The goal of any software evaluation is to gather the available data and come up with a rational, reasonable decision. The market and technology is constantly shifting, new software versions and vendors come onto the market, yesterday’s tech leaders are today’s also rans, even our business requirements can be fluid as well. We know what we’re lacking today in our business model, but just as the theory of constraints shows us, fixing the squeaky wheel generally creates another squeak, louder and more costly downstream.
So how do we make the best decision - the rational, reasonable decision?
Dr Philip Mizzi, economics professor at Arizona State University West teaches MBA students to analyze the why’s and wherefores of how businesses make decisions. While regression theory, value of information and probabilities are all relevant - perhaps the most important tenant to understanding decision making is that Rational Choice is based on the decision maker’s current assets. Current assets defined as not simply financial, but also time and information and so forth. And this is best illustrated in the extremes.
For example, is robbing a bank a rational decision? Our current asset, information about other bank robberies gathered from the 6 O’clock Eyewitness News, tells us that few bank robbers get away with it, most bank branches don’t have a great deal of cash on hand, there are cameras, dye packs, security... so most of us decide that wouldn’t be a rational choice - the cost of getting caught outweighs the probability that we’d get away with sufficient cash to make it worthwhile - thus we arrive at the decision ‘robbing the bank is not rational’.
Now let’s change the current assets of the decision maker. Say for some reason, the life of your child depended on your robbing that bank, if your current asset was information that your child would come to immeasurable harm unless you rob the bank within the next 20 minutes - you may well decide the life of your child outweighs the possible cost of 5-15 in Sing Sing - so in that case, under those conditions, with those current assets, we arrive at the decision ‘robbing the bank IS rational’.
So how does this affect a companies’ Software Evaluation?
Primarily, once we’ve bought, installed and implemented ERP software, all of our reports, all of our information on costs, price, market performance, literally thousands of future business decisions will be based on the information (current assets) of your managers (decision makers). So knowing that so much rides on our selection of ERP software, literally the value of all future decisions, is it enough to simply make a rational decision? Or is this one key decision too important to leave to chance, untested evaluation methods, even the best processes we can imagine - having very little background in selecting software from which to rely on?

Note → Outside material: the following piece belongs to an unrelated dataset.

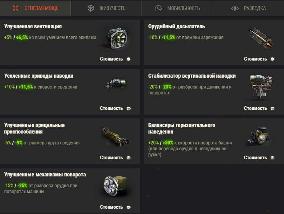 Доброго времени суток друзья! Скоро нас ждет тест нового оборудования в игре, стартует он 2 июня и продлится по 9 июня на сервере песочницы. Итак какие изменения нас ждут: Появятся 4 категории оборудования это: 1. Огневая мощь 2. Живучесть 3. Мобильность 4. Разведка Появится новая механика, которая будет распределять оборудование по слотам. На панели настройки техники появятся слоты с категорией для установки оборудования. Количество слотов и категорий будет зависеть от уровня машины: Если категория оборудования будет соответствовать категории слота, в который оно установлено, оборудование будет давать дополнительный бонус. Если категории не совпадают или слот не имеет категории, оборудование будет давать только базовое значение эффекта. Таким образом, любое оборудование, совместимое с конкретной машиной, может быть установлено в любой слот, независимо от категории. Изменится количество слотов снаряжения и оборудования у танков с 1 по 3 уровень, на 4 уровне будет доступно все 3 с

Secondly, Our decision on which ERP software to purchase, how we implement and deploy, when and what we’re going to devote to the project - all relies on the information we have available to us at the time of the decision. If we decide on incomplete information, our end choice can be less than optimum. If we place too great a value on the wrong information, a completely rational choice while certainly rational, may also be entirely wrong.
Also - we need to assess the cost of perfect information. Understood, that if you took your entire management team and devoted them exclusively to finding software companies and vendors, undergoing endless demos and pilot room tests, visited headquarters and development centers, client sites, user group conventions, in 6, 8, 10, or 18 months depending on your team’s productivity, you’d amass a great deal of information. You’d also have lost out on 6-18 months productivity from your most senior staff. But wait, as they say, there’s more. One moderately successful ERP client recently boosted bottom line profits by $350,000 in a single quarter. Should you have the same success, your 18-month evaluation process just cost you $1.57m in lost opportunity cost.
Enter a new vision
We take the experience of literally hundreds of successful (and many not-so-successful) software evaluations and re-create the most effective decision making guides, tools, resources, and methodologies all with the goal of identifying the right information for your business in a reasonable amount of time. We look at where previous committees have gone wrong and let you learn from other’s expensive mistakes. We create the current assets, useable information, with the emphasis on the critical information that allows your team to make the rational and optimal decision.
If you’re like most companies, you may select your core business software once every 8-10 years. So if Joe The Project Manager has been with the company for 20 years, he may have the experience of 1 or 2 software implementations to go on.
Might Joe make a different decision if he’d been involved in over 300 software evaluations in the last 10 years? He might have picked up a trick or two.
That’s where we offer advice and consultation, giving you the information you need to make a rational decision.
But wait, you say, as a representative of a particular software - aren’t all your recommendations going to lead to your own particular ERP offering? That would be a good trick if we could pull it off. However, consider that by showing our client companies what to look for - identifying what’s important - establishing a roadmap for success we’re betting a better educated customer will make a more rational decision - and a better educated customer will utilize the software more effectively - making a better case study and market recommendation - so you see, it’s in our best interests to help you find the right software solution - both for our short and long term success, and more importantly, your short and long term success.